IMPORTANT: This contest has a two-phase format which has quantitative round which is this marathon match and then a qualitative round following this match where you will get a chance to support your submissions qualitatively. Please read carefully at the end of the statement for more details. The qualitative round has a very exciting prize purse in addition to MM prizes and every member submitting in this match is encouraged and welcomed to submit in that round.
The best 4 performers of this contest (according to system test results) will receive the following prizes:
- 1st place: $4,000
- 2nd place: $3,000
- 3rd place: $2,000
- 4th place: $1,000
Please note: The above prizes will be awarded to the marathon match top finishers. The prizes of the follow-up qualitative round mentioned earlier are additional to the above prizes.

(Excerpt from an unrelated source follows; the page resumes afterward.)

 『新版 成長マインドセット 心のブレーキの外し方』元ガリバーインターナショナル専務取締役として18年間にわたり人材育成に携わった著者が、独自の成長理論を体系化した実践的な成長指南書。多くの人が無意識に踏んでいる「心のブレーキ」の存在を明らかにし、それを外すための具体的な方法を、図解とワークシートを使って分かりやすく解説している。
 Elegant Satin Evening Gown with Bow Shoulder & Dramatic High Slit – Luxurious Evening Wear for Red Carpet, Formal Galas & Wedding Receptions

Please read at the end for details on that prize structure.
ToxCast Project Background
In 2005, the federal government launched Tox21, an initiative to use in vitro high-throughput screening (HTS) to identify what proteins, pathways, and cellular processes chemicals interact with and at what concentration they interact. The goal is to use the screening data to more cost-effectively and efficiently prioritize the thousands of chemicals that need toxicity testing and, in the future, predict the potential human health effects of chemicals. Tox21 currently pools the resources and expertise of EPA, National Institutes of Environmental Health Sciences/National Toxicology Program, National Institute of Health/National Center for Advancing Translational Sciences, and the Food and Drug Administration to screen almost 10,000 chemicals.

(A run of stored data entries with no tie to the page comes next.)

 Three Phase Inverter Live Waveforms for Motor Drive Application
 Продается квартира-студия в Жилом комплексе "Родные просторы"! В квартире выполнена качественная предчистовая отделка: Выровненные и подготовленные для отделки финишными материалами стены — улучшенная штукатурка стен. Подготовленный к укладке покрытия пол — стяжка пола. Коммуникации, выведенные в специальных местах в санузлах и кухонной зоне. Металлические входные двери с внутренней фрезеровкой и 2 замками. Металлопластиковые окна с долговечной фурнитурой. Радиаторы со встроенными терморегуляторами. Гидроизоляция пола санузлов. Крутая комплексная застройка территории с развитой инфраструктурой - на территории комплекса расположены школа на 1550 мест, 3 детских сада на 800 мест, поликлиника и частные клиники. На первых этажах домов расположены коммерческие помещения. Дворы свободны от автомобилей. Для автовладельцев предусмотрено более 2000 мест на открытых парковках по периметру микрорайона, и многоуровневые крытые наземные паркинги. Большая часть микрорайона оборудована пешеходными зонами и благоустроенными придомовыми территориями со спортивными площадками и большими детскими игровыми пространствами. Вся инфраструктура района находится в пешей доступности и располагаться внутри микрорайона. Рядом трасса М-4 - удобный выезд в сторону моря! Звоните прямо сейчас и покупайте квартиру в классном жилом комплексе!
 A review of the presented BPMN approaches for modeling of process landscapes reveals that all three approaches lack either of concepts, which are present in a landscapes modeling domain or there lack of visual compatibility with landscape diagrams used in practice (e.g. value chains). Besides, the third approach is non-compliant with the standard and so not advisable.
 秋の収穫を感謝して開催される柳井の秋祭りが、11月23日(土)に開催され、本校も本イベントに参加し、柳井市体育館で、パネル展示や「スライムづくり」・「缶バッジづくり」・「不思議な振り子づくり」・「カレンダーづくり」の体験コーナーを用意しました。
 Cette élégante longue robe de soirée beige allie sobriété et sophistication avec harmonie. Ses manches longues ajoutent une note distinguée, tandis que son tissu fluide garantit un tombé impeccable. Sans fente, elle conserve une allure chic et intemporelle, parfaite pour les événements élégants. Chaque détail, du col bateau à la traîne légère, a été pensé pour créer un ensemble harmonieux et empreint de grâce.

One of EPA’s main contributions to Tox21 is the Toxicity Forecaster or ToxCast for short. The first phase of ToxCast was designed as a "proof-of-concept" and was completed in 2009. It evaluated approximately 300 chemicals in over 500 biochemical and cell-based in vitro HTS assays. The 300 chemicals selected for the first phase were primarily data rich pesticides that have a large battery of in vivo toxicity studies performed on them. Data collection on the second phase of ToxCast was completed in 2013. The second phase evaluated approximately 1,800 chemicals in an expanded set of over 700 biochemical and cell-based in vitro HTS assays. The 1,800 chemicals were from a broad range of sources, including industrial and consumer products, food additives, and potentially "green" substances that could be safer alternatives to existing chemicals. These chemicals were not as data rich as those selected for the first phase and many do not have in vivo toxicity studies. The in vitro data are accessible through the interactive Chemical Safety for Sustainability Dashboard (iCSS) and raw data files are also posted to the Dashboard web page.
In addition to the in vitro HTS data, the EPA has created a complementary Toxicity Reference Database (ToxRefDB), which comprehensively captures results from in vivo animal toxicity studies. ToxRefDB provides detailed chemical toxicity data from over 30 years and $2 billion in animal testing, in a publicly accessible and computable format.
Motivation and Definition of LEL
People are exposed to many man-made chemicals throughout their lives. These include food ingredients and additives, pesticides, cosmetics, medicines, cleaners, solvents, etc. Historically, a series of standard animal studies have been used as a means to evaluate whether a chemical can cause a range of different adverse effects and at what dose these effects occur. The term "systemic toxicity" is often used because the effects can occur in different organ systems such as the liver, kidney, lungs, etc.
The systemic Lowest Effect Level or LEL is the lowest dose that shows adverse effects in these animal toxicity tests. The LEL is then conservatively adjusted in different ways by regulators to derive a value that can be used by the Agency to set exposure limits that are expected to be tolerated by the majority of the population.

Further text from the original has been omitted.